Эжен работал быстро и яростно. Но он умел и корпеть.

В идеально расчерченных плитках пола в гареме он чередовал фиолетовое и зеленое с тщательностью, которой позавидовал бы Каналетто. Зеленые шаровары женщины справа он покрывал крохотными мушками желтого, на расстоянии эти шаровары светились, как платина. В глубине, в самом сумраке, он сочетал красные и зеленые панели деревянного шкафа — не было ни одного дециметра в этой картине, который не был бы контрастен соседнему и в то же время не был бы абсолютно подчинен общей сумрачно-зеленой, сумрачно-красной гармонии, — это был настоящий оркестр, дирижерская воля организовывала, умеряла, подбадривала, извлекала неожиданно грохот литавр, тушила его; это был организованный блеск.

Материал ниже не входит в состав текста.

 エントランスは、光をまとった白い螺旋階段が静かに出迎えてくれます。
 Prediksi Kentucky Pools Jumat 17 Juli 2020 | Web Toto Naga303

Он корпел, как алхимик, в своей мастерской, а Женни Легийу стояла на страже.

Происходило, может быть, нечто неожиданное для постороннего глаза, но в общем логичное: он уходил. Постепенно, но неуклонно к себе, в себя, в свою мастерскую, к доброй Женни, тихонько гремевшей ключами в прибранных комнатах, так, что иногда ему, наверно, казалось, что она — не сразу, по ящичку, — но навсегда — запирает его любвеобильное сердце.

Первой жертвой этого изменения курса стала, естественно, миссис Дальтон. Кстати говоря, Женни ее возненавидела сразу. «Эта женщина убьет его!» — восклицала она, отнюдь не опасаясь, что ее могут услышать, когда миссис Дальтон, всегда оживленная и несколько взвинченная, впархивала в мастерскую и за ней затворялась дверь. Впрочем, дело само по себе шло к концу, и Эжен не препятствовал этому. Сейчас ему надо было нечто более прочное: не брак, нет, отнюдь — просто нечто более основательное, более прочное...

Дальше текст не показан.